*** DATA Section Begins ***

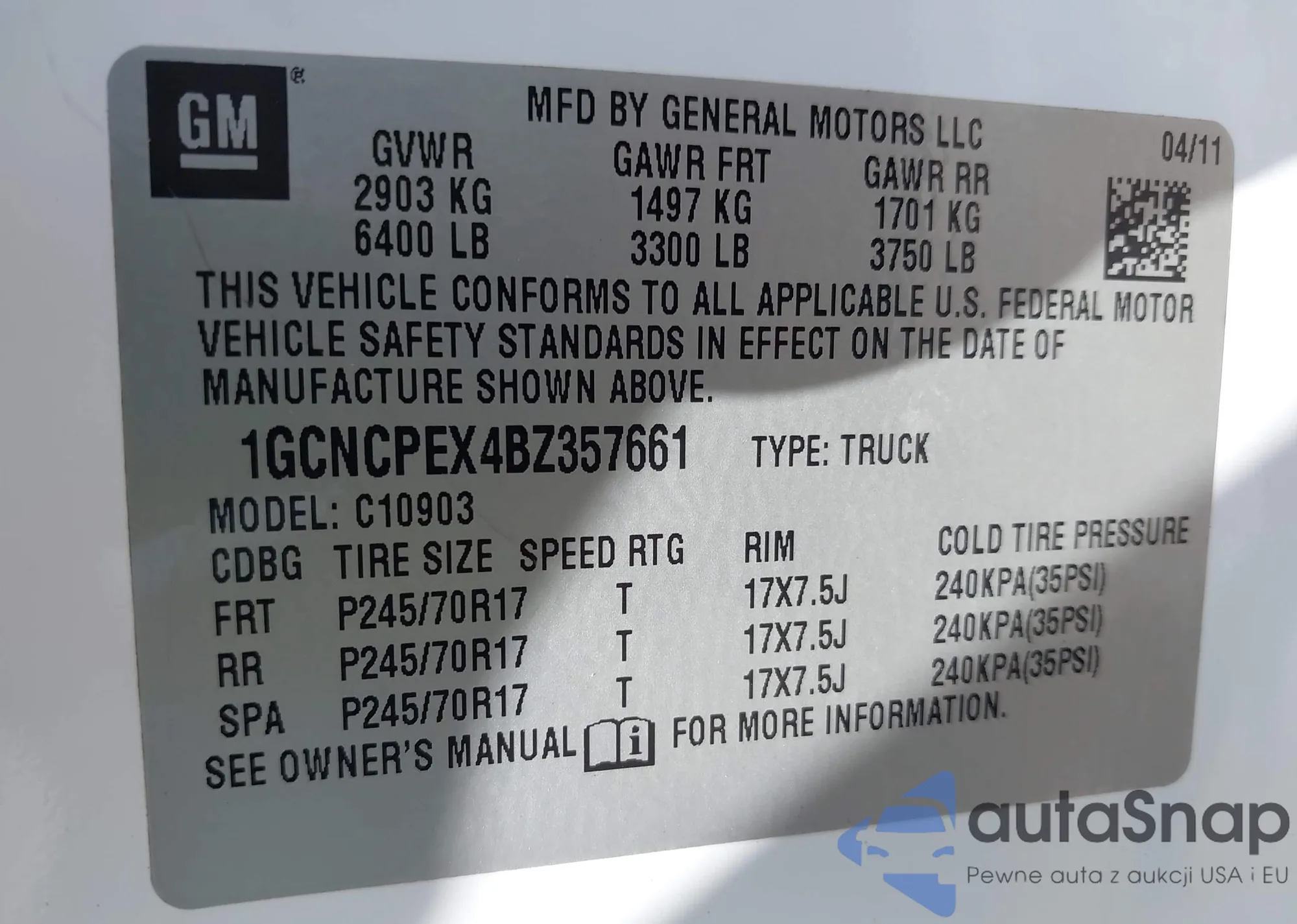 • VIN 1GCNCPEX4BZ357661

*** DATA Section Ends ***
*** DATA Section Begins ***

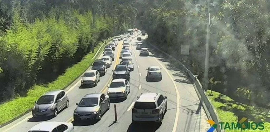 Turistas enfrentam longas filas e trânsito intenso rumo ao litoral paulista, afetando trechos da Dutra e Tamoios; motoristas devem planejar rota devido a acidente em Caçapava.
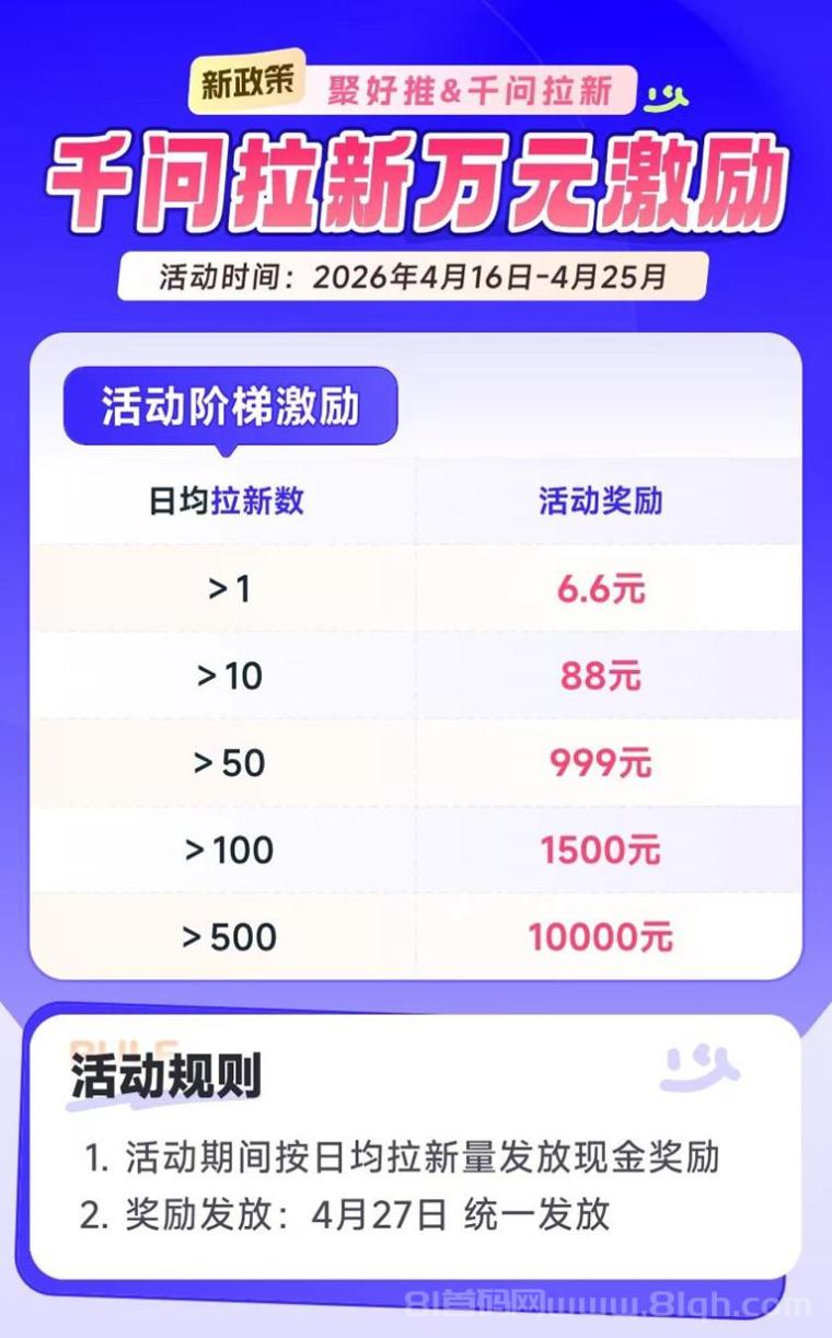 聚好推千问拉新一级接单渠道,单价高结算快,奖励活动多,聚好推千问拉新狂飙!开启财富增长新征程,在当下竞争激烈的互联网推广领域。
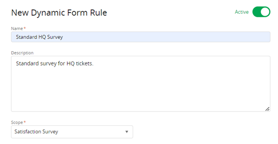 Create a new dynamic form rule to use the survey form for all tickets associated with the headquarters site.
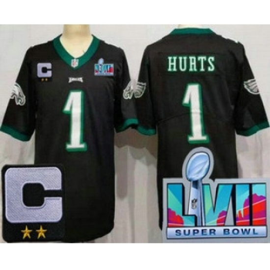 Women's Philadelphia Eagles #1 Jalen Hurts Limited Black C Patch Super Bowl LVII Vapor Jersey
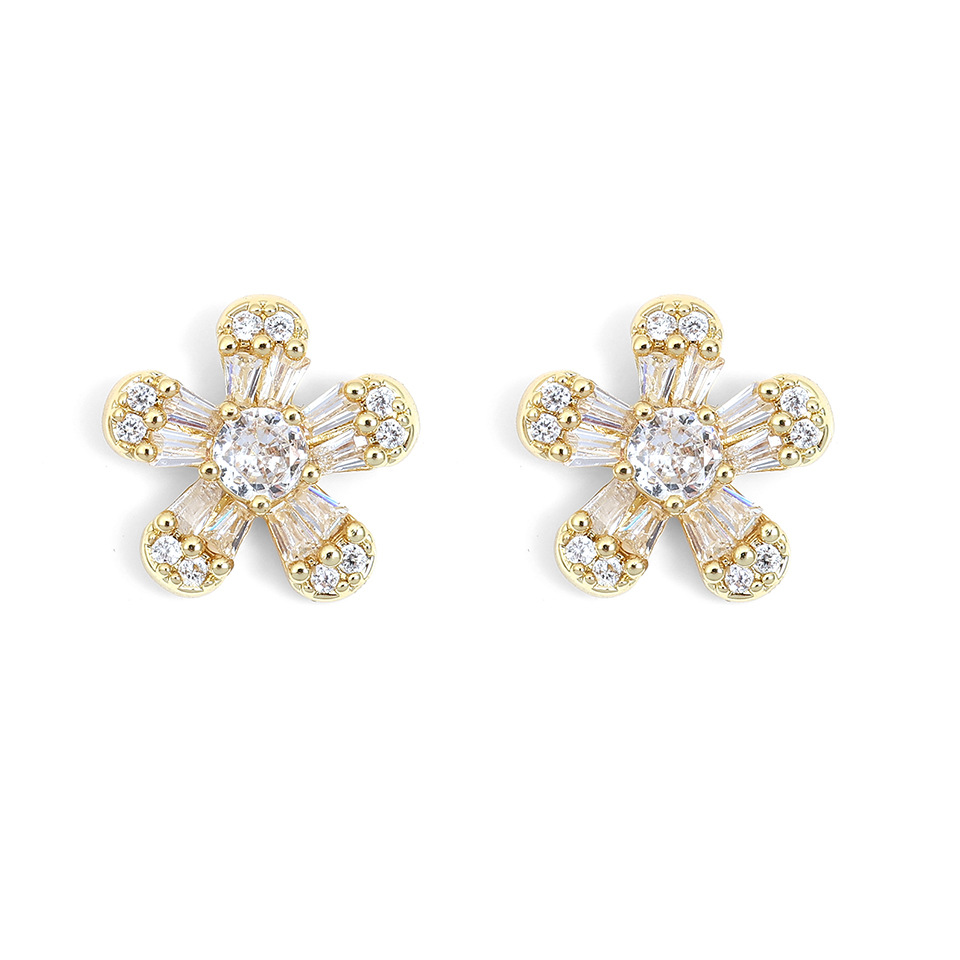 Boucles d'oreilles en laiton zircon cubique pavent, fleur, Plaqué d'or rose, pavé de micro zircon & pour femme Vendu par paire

*** DATA Section Ends ***

> PROBLEM TO SOLVE
Look above for the line with "Turistas enfrentam longas" and the line with "Boucles d'oreilles en", then restate exactly those two lines and all lines between them, with no pictures.

> SOLUTION TO THIS EXERCISE
 Turistas enfrentam longas filas e trânsito intenso rumo ao litoral paulista, afetando trechos da Dutra e Tamoios; motoristas devem planejar rota devido a acidente em Caçapava.
 聚好推千问拉新一级接单渠道,单价高结算快,奖励活动多,聚好推千问拉新狂飙!开启财富增长新征程,在当下竞争激烈的互联网推广领域。
 Create a new dynamic form rule to use the survey form for all tickets associated with the headquarters site.
 Women's Philadelphia Eagles #1 Jalen Hurts Limited Black C Patch Super Bowl LVII Vapor Jersey
 Boucles d'oreilles en laiton zircon cubique pavent, fleur, Plaqué d'or rose, pavé de micro zircon & pour femme Vendu par paire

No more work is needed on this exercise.